To do —
The reply must contain exactly the lines below from the one with "Молодая пара со" down to the one with "下半场伤停补时7分钟,全场比赛结束,最终AC米兰1-3乌迪内斯。", both included, and nothing more; please omit the pictures.

Records supplied —
»»

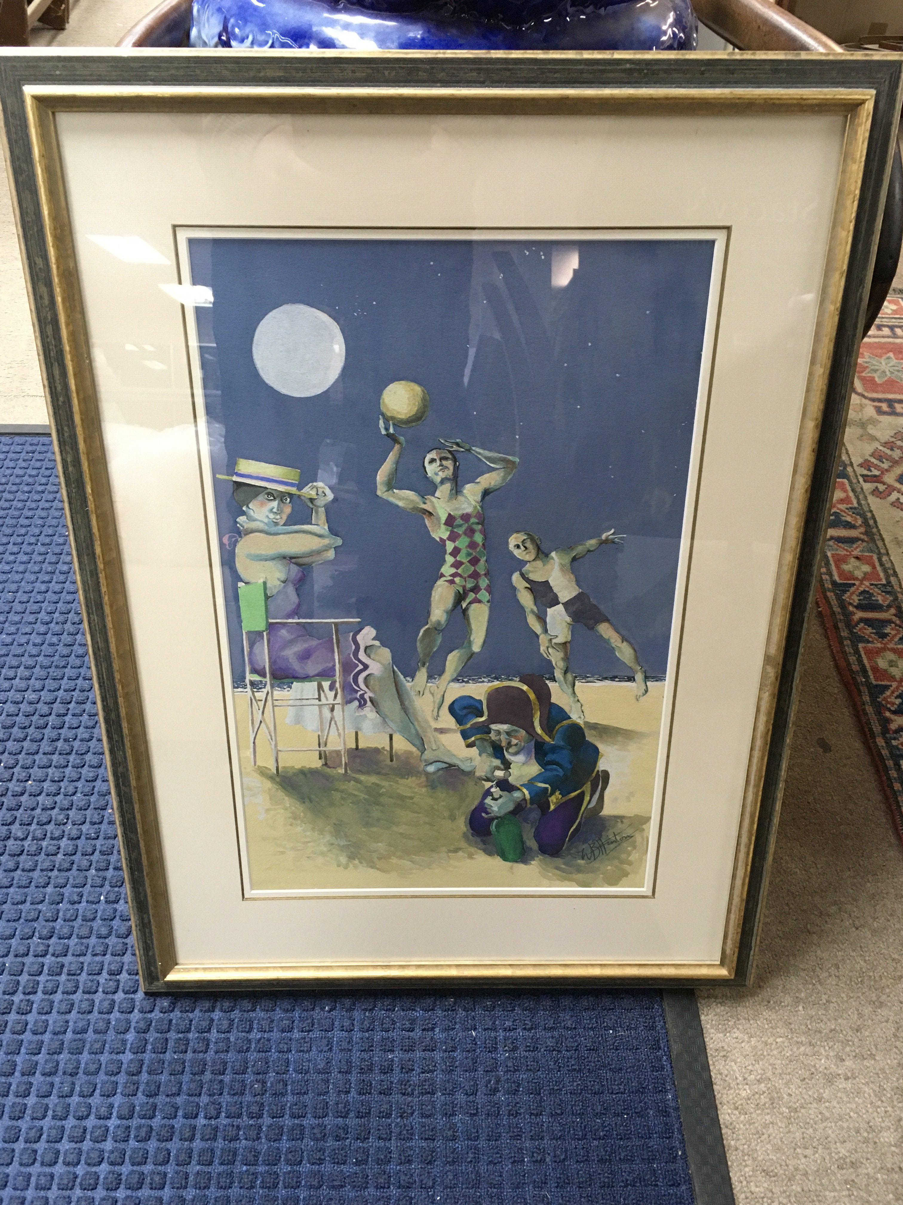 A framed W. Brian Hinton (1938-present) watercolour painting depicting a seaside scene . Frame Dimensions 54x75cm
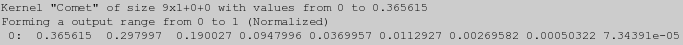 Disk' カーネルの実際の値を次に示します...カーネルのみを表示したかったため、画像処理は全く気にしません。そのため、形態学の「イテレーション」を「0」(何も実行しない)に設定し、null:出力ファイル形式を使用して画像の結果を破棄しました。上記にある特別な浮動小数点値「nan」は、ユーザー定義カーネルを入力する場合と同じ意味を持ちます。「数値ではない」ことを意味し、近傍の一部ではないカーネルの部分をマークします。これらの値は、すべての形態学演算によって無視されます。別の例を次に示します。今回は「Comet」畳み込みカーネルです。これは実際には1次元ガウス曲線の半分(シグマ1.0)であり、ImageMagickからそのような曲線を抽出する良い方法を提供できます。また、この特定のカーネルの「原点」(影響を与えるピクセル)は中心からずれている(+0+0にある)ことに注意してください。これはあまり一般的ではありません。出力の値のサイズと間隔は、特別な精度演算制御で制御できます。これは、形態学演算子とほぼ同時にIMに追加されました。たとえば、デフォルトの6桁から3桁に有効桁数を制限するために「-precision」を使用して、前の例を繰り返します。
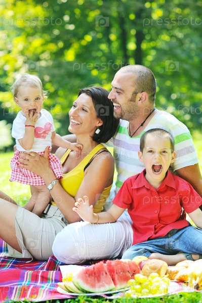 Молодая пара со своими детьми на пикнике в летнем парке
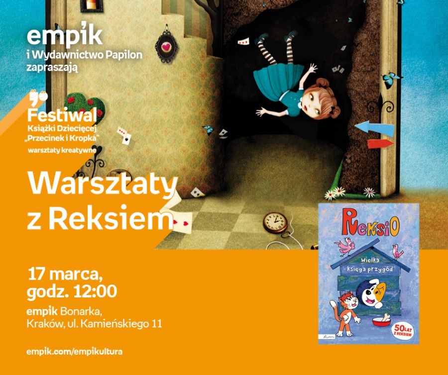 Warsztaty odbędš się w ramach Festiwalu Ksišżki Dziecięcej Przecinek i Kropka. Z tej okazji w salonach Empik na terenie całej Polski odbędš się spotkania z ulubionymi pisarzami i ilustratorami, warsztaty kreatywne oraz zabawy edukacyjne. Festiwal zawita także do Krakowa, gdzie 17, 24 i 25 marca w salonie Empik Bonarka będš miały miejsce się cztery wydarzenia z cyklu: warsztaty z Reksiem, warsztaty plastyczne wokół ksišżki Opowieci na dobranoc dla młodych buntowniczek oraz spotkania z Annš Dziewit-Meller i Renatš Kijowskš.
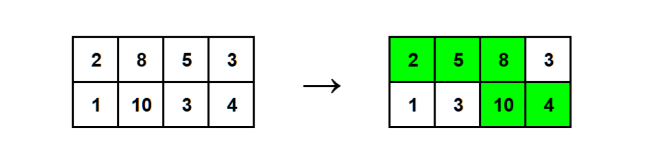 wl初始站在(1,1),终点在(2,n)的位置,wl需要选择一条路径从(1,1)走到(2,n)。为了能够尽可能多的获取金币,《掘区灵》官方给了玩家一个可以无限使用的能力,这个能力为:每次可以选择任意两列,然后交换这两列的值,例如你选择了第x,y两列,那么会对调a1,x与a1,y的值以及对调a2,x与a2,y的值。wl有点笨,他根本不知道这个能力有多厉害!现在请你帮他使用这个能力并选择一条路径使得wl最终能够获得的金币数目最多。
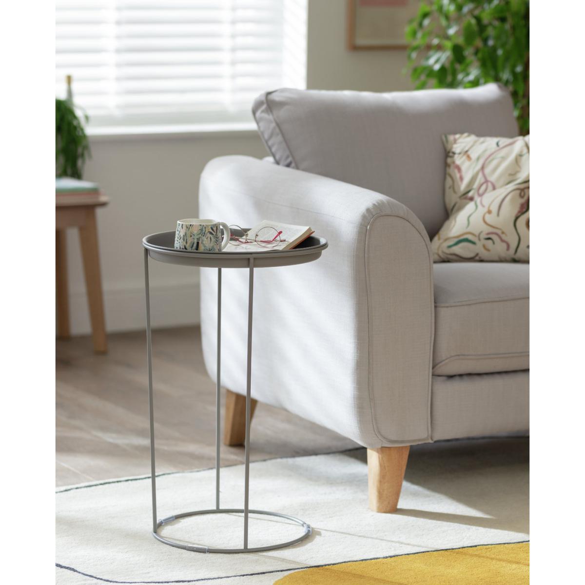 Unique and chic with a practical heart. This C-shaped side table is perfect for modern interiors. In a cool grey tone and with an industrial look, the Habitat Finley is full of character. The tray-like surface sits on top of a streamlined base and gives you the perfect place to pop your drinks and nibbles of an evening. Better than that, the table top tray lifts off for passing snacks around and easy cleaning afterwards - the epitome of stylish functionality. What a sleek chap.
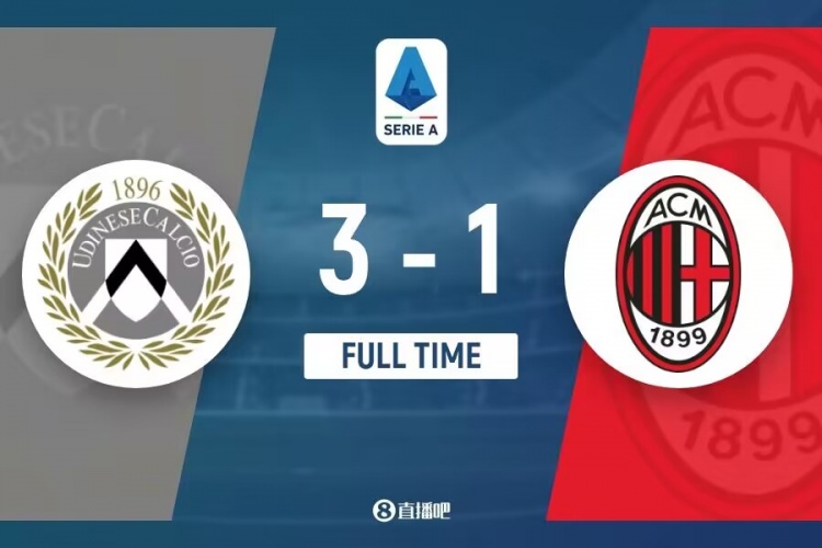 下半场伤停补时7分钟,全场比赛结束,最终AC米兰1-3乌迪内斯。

««
»»

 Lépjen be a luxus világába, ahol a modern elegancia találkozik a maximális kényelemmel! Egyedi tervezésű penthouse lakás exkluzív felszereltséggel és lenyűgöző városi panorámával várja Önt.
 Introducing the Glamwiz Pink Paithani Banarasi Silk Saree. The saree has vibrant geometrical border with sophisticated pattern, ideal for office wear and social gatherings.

««

Response area —
 Молодая пара со своими детьми на пикнике в летнем парке
 Warsztaty odbędš się w ramach Festiwalu Ksišżki Dziecięcej Przecinek i Kropka. Z tej okazji w salonach Empik na terenie całej Polski odbędš się spotkania z ulubionymi pisarzami i ilustratorami, warsztaty kreatywne oraz zabawy edukacyjne. Festiwal zawita także do Krakowa, gdzie 17, 24 i 25 marca w salonie Empik Bonarka będš miały miejsce się cztery wydarzenia z cyklu: warsztaty z Reksiem, warsztaty plastyczne wokół ksišżki Opowieci na dobranoc dla młodych buntowniczek oraz spotkania z Annš Dziewit-Meller i Renatš Kijowskš.
 wl初始站在(1,1),终点在(2,n)的位置,wl需要选择一条路径从(1,1)走到(2,n)。为了能够尽可能多的获取金币,《掘区灵》官方给了玩家一个可以无限使用的能力,这个能力为:每次可以选择任意两列,然后交换这两列的值,例如你选择了第x,y两列,那么会对调a1,x与a1,y的值以及对调a2,x与a2,y的值。wl有点笨,他根本不知道这个能力有多厉害!现在请你帮他使用这个能力并选择一条路径使得wl最终能够获得的金币数目最多。
 Unique and chic with a practical heart. This C-shaped side table is perfect for modern interiors. In a cool grey tone and with an industrial look, the Habitat Finley is full of character. The tray-like surface sits on top of a streamlined base and gives you the perfect place to pop your drinks and nibbles of an evening. Better than that, the table top tray lifts off for passing snacks around and easy cleaning afterwards - the epitome of stylish functionality. What a sleek chap.
 下半场伤停补时7分钟,全场比赛结束,最终AC米兰1-3乌迪内斯。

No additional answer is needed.